*Your objective*:
Under this line are the records; repeat exactly the lines starting at the one containing "Processo 23261.038836.2016-87 - autorização" and ending at the one containing "2000년 제2단계 공공근로사업", omitting pictures.

+++ Exercise input +++

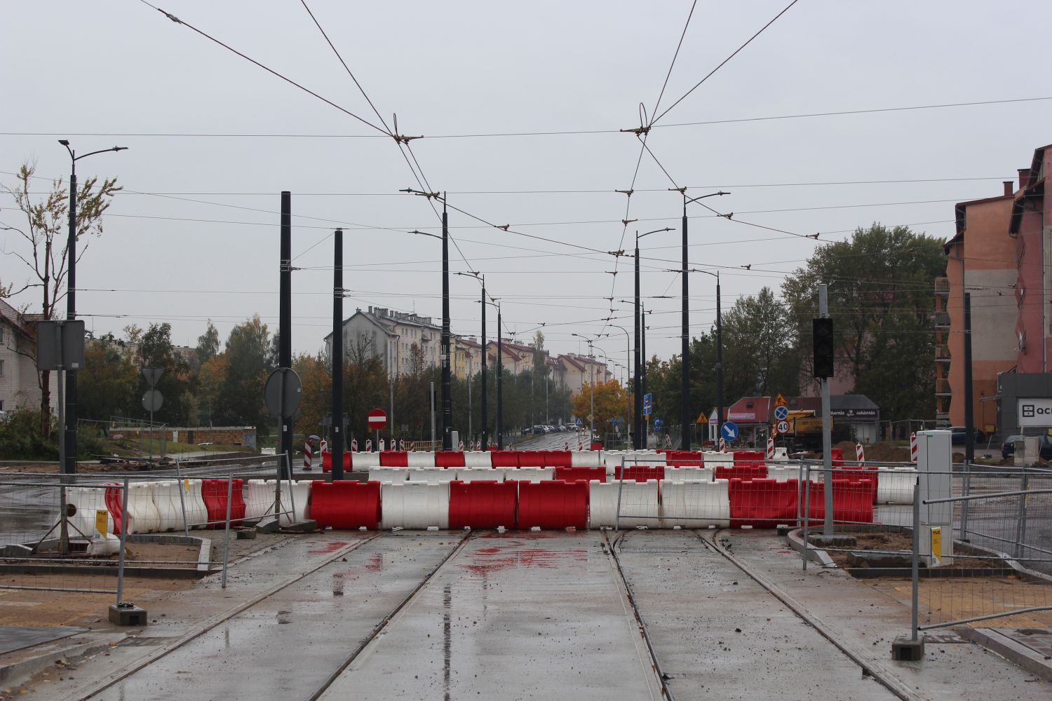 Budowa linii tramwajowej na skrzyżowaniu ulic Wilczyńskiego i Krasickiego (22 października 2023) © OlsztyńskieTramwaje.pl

+++
+++ Exercise input +++

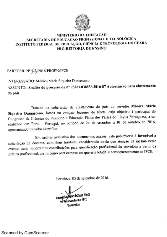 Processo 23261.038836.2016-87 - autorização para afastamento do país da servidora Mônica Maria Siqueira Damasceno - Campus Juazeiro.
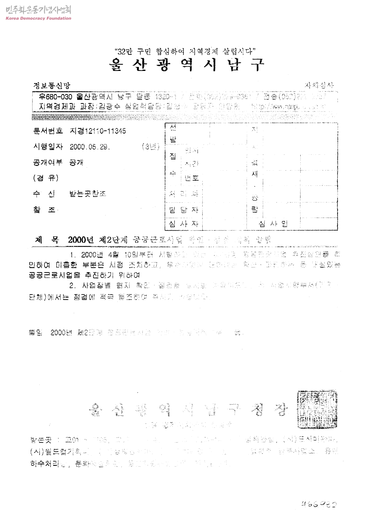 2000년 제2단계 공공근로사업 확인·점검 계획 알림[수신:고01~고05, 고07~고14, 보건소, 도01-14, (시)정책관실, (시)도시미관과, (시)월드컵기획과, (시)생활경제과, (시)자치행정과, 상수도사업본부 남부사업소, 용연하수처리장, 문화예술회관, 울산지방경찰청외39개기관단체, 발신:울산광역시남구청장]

+++

*Answer to this exercise*:
 Processo 23261.038836.2016-87 - autorização para afastamento do país da servidora Mônica Maria Siqueira Damasceno - Campus Juazeiro.
 2000년 제2단계 공공근로사업 확인·점검 계획 알림[수신:고01~고05, 고07~고14, 보건소, 도01-14, (시)정책관실, (시)도시미관과, (시)월드컵기획과, (시)생활경제과, (시)자치행정과, 상수도사업본부 남부사업소, 용연하수처리장, 문화예술회관, 울산지방경찰청외39개기관단체, 발신:울산광역시남구청장]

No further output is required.